Exercise details: Would you transcribe the entries below, beginning at the line with "This tattoo features" and ending after the line with "وضعیت اجزاء بافت", exactly, with no picture and nothing more?

Provided records:
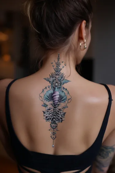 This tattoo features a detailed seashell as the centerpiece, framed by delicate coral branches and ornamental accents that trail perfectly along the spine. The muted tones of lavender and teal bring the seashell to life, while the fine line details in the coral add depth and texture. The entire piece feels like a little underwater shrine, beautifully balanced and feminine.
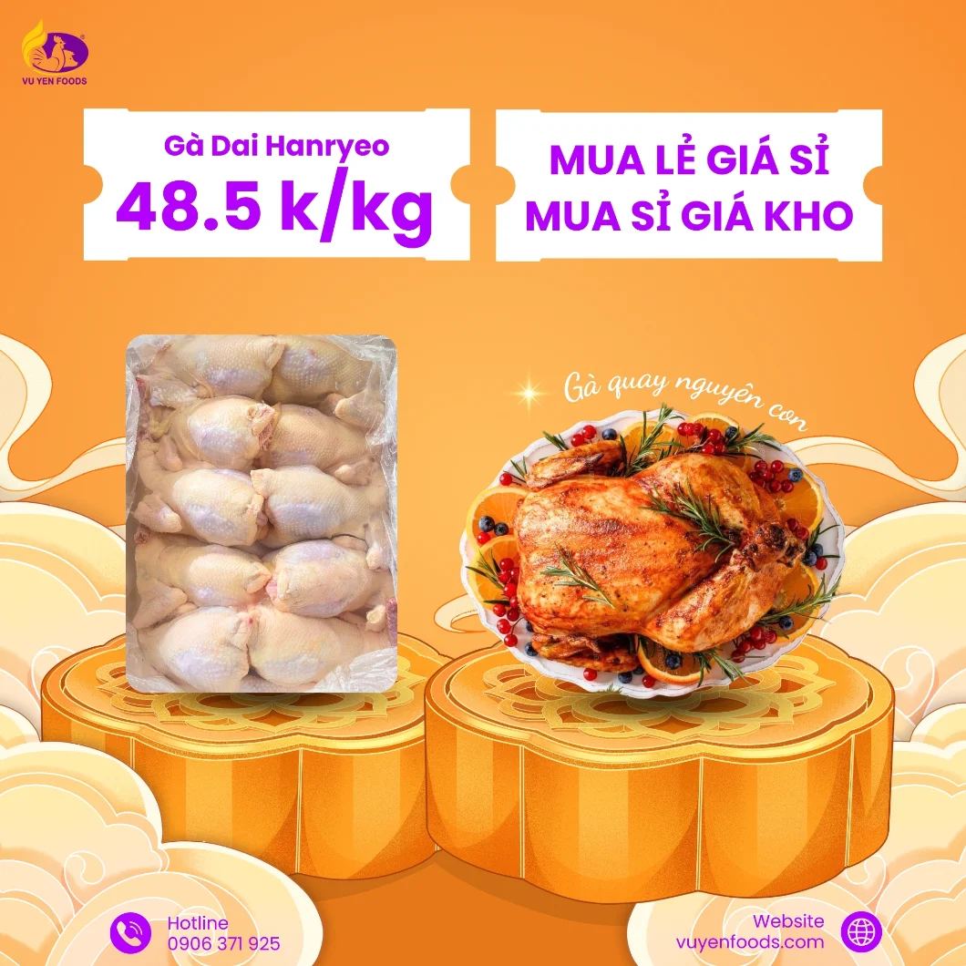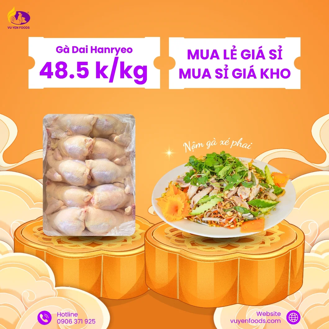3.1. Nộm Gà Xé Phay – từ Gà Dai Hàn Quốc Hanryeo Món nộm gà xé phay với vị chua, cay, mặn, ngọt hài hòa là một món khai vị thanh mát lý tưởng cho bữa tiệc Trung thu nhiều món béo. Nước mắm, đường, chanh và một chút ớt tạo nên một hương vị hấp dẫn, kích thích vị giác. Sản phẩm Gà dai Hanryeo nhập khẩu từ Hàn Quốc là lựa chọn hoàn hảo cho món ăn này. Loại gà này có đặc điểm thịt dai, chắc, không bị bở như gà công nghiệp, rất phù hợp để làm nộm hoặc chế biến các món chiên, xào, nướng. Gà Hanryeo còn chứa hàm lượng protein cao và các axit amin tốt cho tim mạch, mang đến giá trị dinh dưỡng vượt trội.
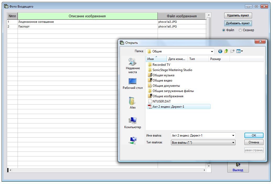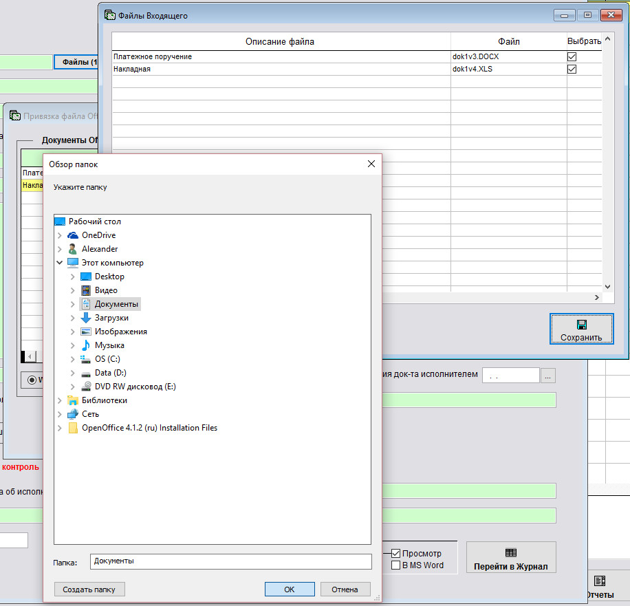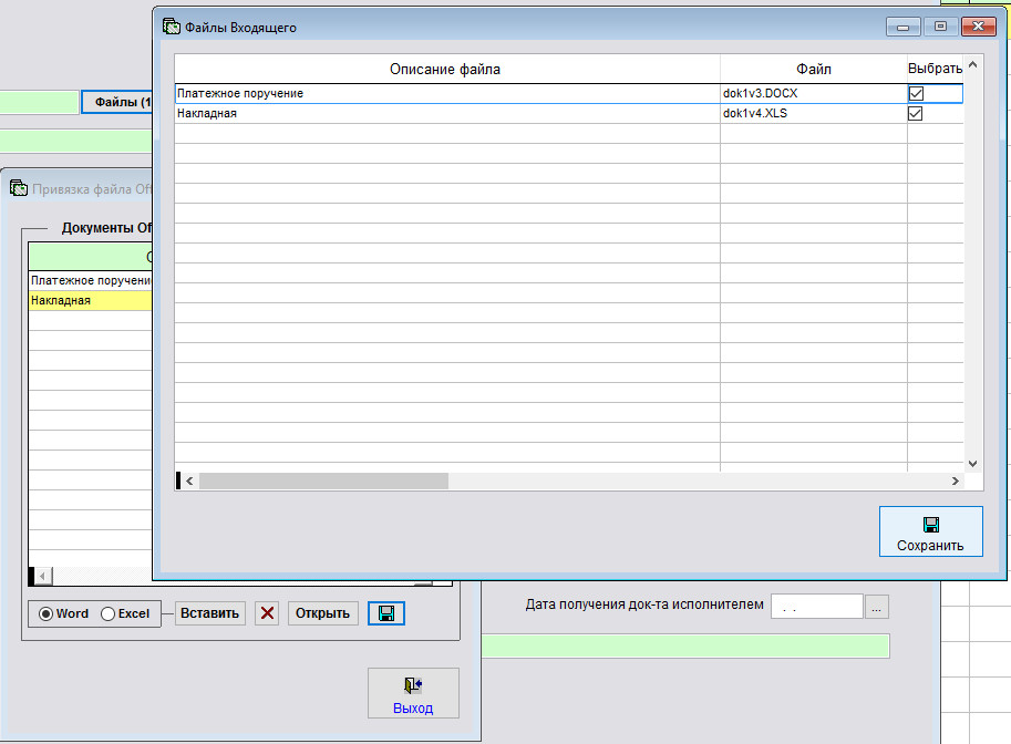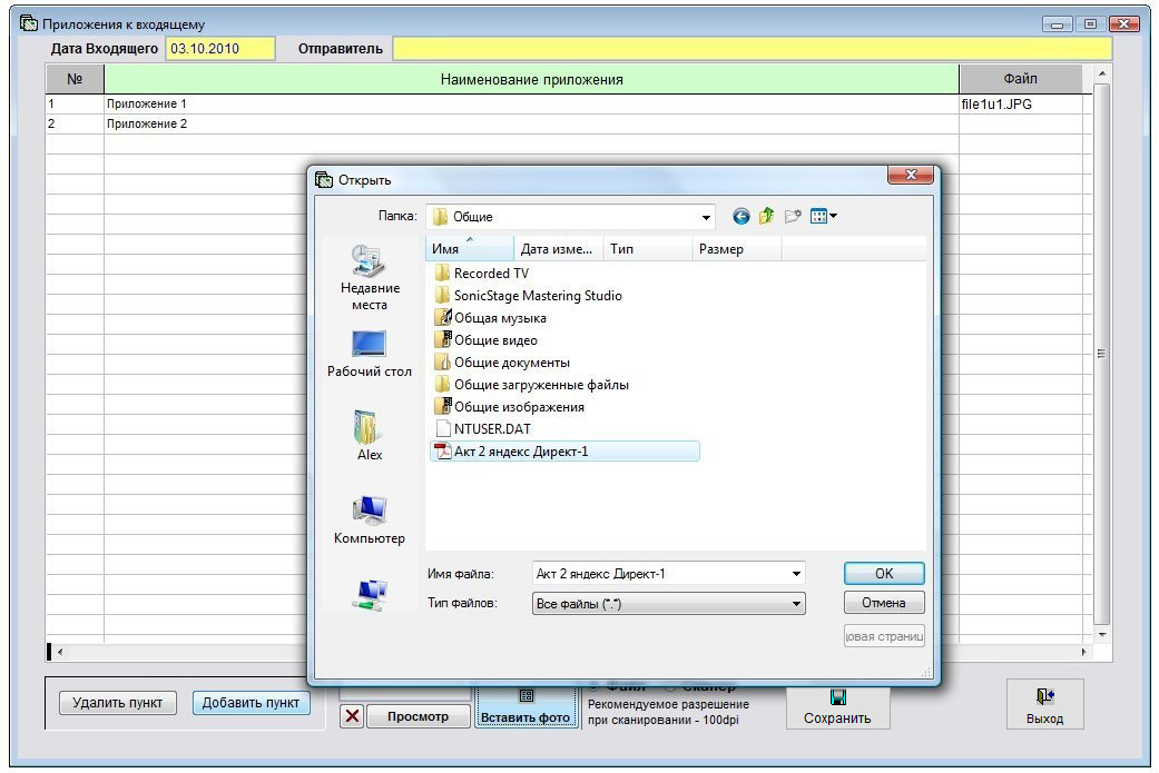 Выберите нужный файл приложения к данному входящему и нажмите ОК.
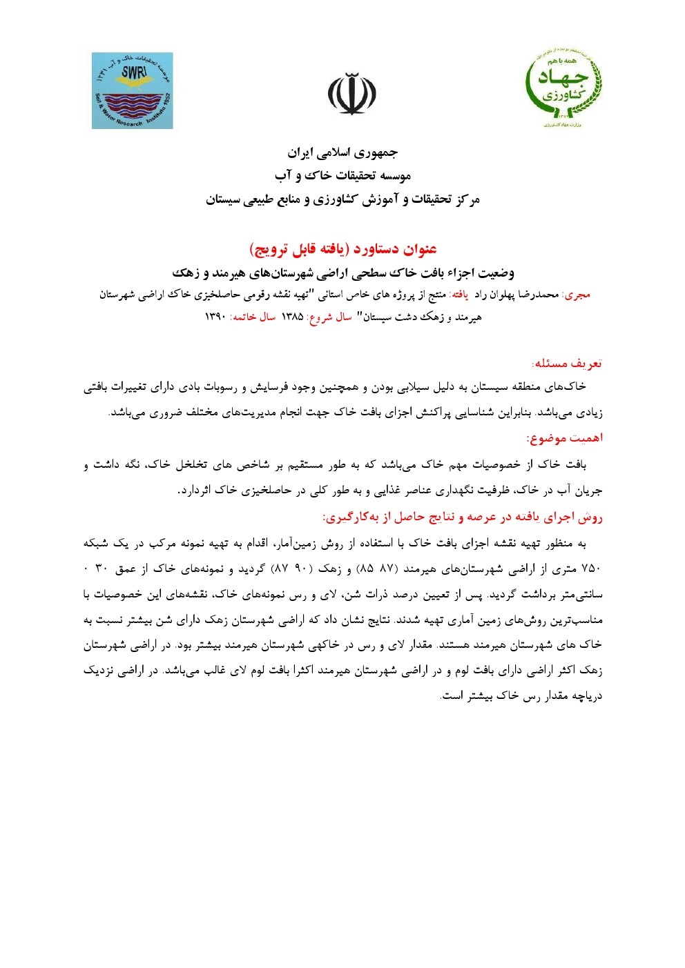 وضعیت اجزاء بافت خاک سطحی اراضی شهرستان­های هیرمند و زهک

---

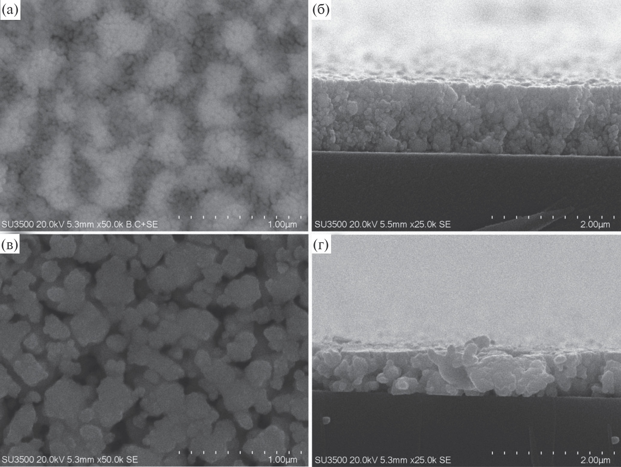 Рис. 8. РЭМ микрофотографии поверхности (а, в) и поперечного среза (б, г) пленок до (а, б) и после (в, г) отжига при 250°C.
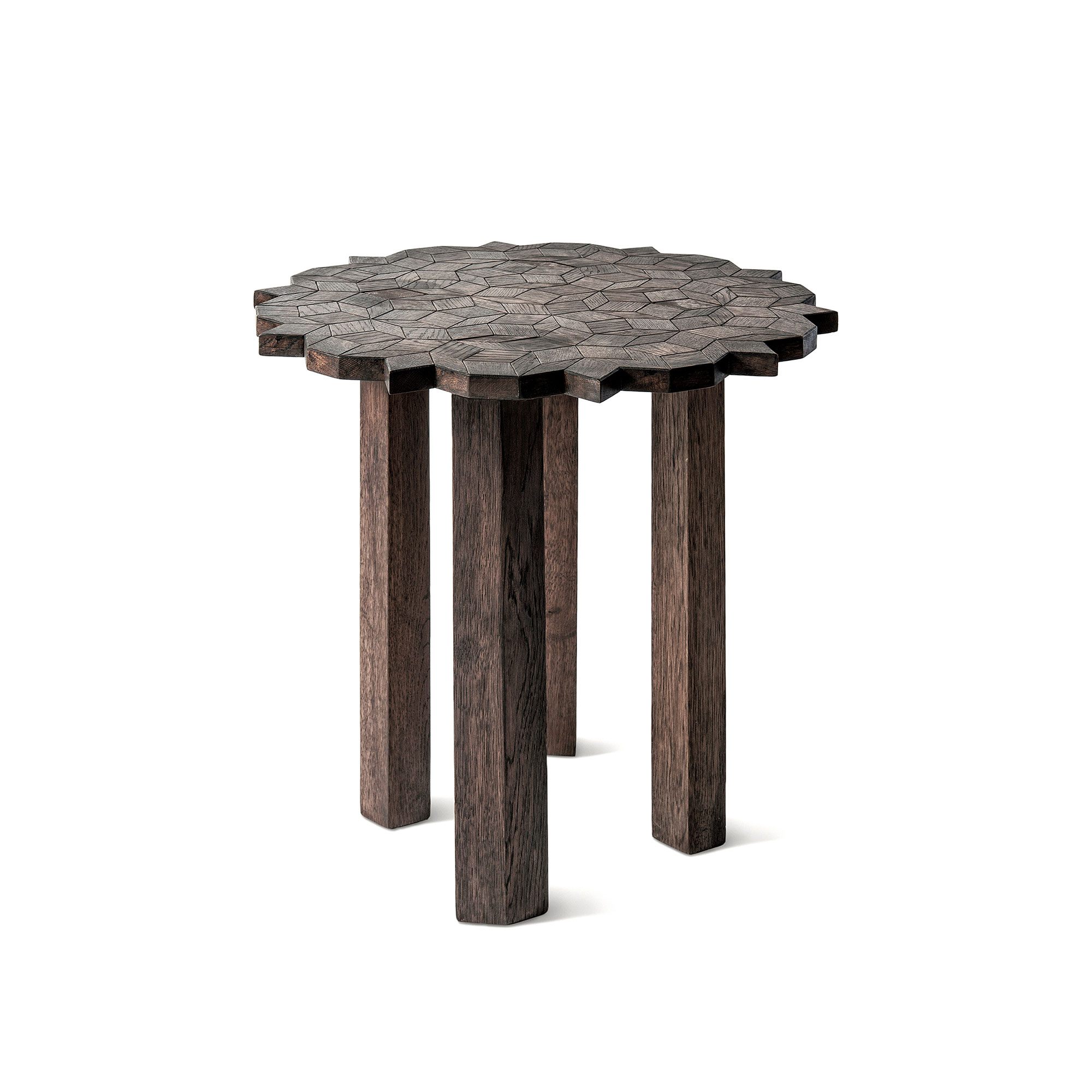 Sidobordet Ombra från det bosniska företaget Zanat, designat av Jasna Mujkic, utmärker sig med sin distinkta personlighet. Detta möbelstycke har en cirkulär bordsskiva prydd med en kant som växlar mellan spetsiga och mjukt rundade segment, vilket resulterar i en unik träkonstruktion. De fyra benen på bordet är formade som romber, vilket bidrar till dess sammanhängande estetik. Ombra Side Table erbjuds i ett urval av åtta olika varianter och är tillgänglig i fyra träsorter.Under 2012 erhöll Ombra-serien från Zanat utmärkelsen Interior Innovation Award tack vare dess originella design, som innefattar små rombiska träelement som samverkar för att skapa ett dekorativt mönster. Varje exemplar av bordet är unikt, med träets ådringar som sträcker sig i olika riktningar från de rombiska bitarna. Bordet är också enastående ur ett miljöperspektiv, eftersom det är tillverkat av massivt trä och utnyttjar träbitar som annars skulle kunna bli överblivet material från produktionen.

Response to this exercise:
 This tattoo features a detailed seashell as the centerpiece, framed by delicate coral branches and ornamental accents that trail perfectly along the spine. The muted tones of lavender and teal bring the seashell to life, while the fine line details in the coral add depth and texture. The entire piece feels like a little underwater shrine, beautifully balanced and feminine.
3.1. Nộm Gà Xé Phay – từ Gà Dai Hàn Quốc Hanryeo Món nộm gà xé phay với vị chua, cay, mặn, ngọt hài hòa là một món khai vị thanh mát lý tưởng cho bữa tiệc Trung thu nhiều món béo. Nước mắm, đường, chanh và một chút ớt tạo nên một hương vị hấp dẫn, kích thích vị giác. Sản phẩm Gà dai Hanryeo nhập khẩu từ Hàn Quốc là lựa chọn hoàn hảo cho món ăn này. Loại gà này có đặc điểm thịt dai, chắc, không bị bở như gà công nghiệp, rất phù hợp để làm nộm hoặc chế biến các món chiên, xào, nướng. Gà Hanryeo còn chứa hàm lượng protein cao và các axit amin tốt cho tim mạch, mang đến giá trị dinh dưỡng vượt trội.
 Выберите нужный файл приложения к данному входящему и нажмите ОК.
 وضعیت اجزاء بافت خاک سطحی اراضی شهرستان­های هیرمند و زهک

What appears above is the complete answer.